Brad George was in the midst of his weekly Sunday clean-up when his Highland Park home began to fill with smoke. He could see it, smell it in the air. He looked out the front window. Ash fell on his lawn. Flames licked above the trees across the street.

“I could just see this big plume of smoke right outside,” he says, speaking with The Coast at the Black Point & Area Community Centre on Monday morning. “I just started grabbing what I could and went outside, started putting stuff in the car. My neighbours were all doing the same thing.

“Everybody was just kind of in agreement to get out of there as fast as we could… But it was a real logjam to get out of there.”

George isn’t sure how much, if any, of his house will remain when he’s allowed to return. Not that he knows when he can return, either. He’s one of roughly 16,429 Haligonians who have been forced to evacuate after a growing wildfire in the Upper Tantallon region prompted more than a dozen schools to close and the HRM to declare a weeklong state of local emergency. Fire crews have arrived from Hantsport, Brooklyn, Windsor and West Hants to battle the blaze. Two water bomber planes have flown in from St. John’s, NL.

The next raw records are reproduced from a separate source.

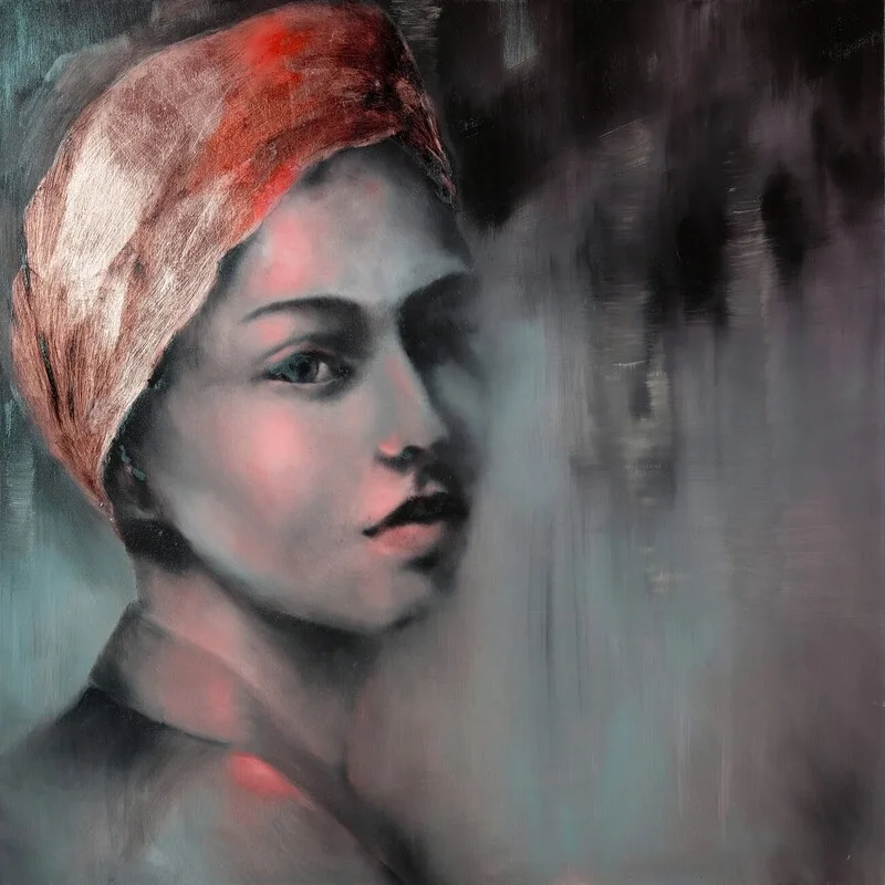 Canvas Print Das Mädchen mit dem goldenen Tuch im roten Licht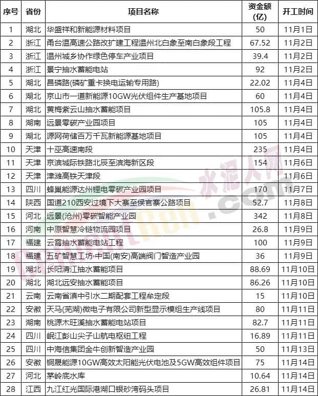 11月1日-11月15日,28個(gè)重大項(xiàng)目開工,總投資超2296億元。其中,公路3條,鐵路2條,共計(jì)總投資超509億元;蓄電站6個(gè),總投資超555億元。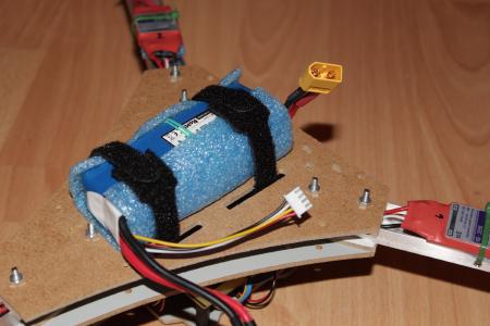 An die XT60 Buchse wird dann direkt der LiPo gesteckt, welcher mit zwei Kletthaltern an der Unterseite gehalten wird.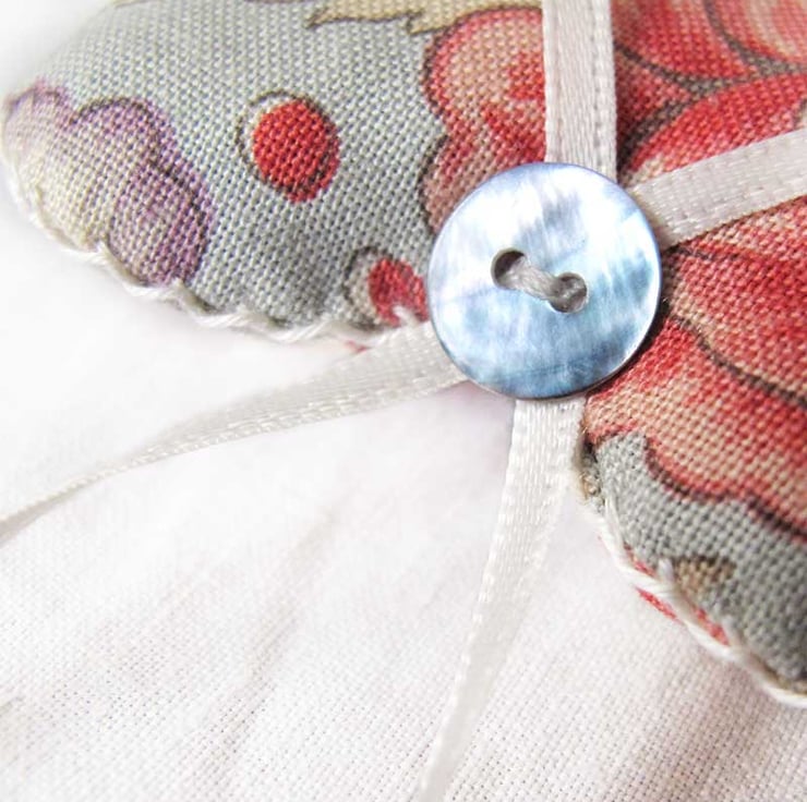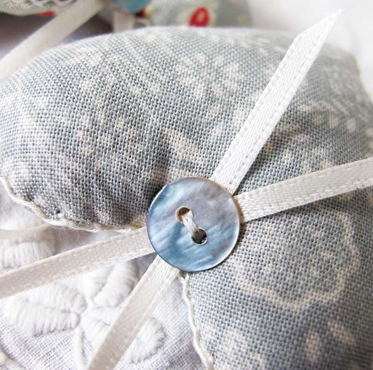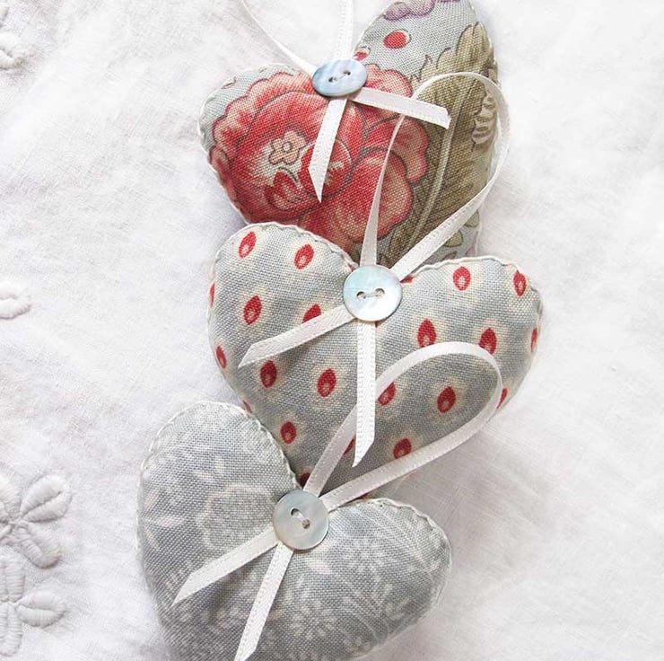 A very pretty little set of three lavender bags - hand made, filled with beautiful scented lavender and then finished with hand embroidery, co-ordinating ribbon and shell buttons. The hearts measure 6cm wide x 6.5cm long (not including the ribbon) and are in co-ordinating pale blue, cream and red fabric.

In George’s 12 years in the neighbourhood, he’s never seen anything like it. As subdivisions go, he says, it’s normally wet this time of year.

“I mean, there’s little lakes and ponds, like a lot of neighbourhoods around here,” he says. “It doesn’t seem like there would be that big of a fire risk—but obviously, it doesn’t take much to dry things out.”

‘Absolutely a significant challenge,’ deputy chief says

Speaking with reporters on Tuesday morning, David Steeves of the Nova Scotia department of natural resources says southwesterly winds and warmer temperatures could present a “dangerous" situation for dousing the flames that have spread from Upper Tantallon to Pockwock and Hammonds Plains.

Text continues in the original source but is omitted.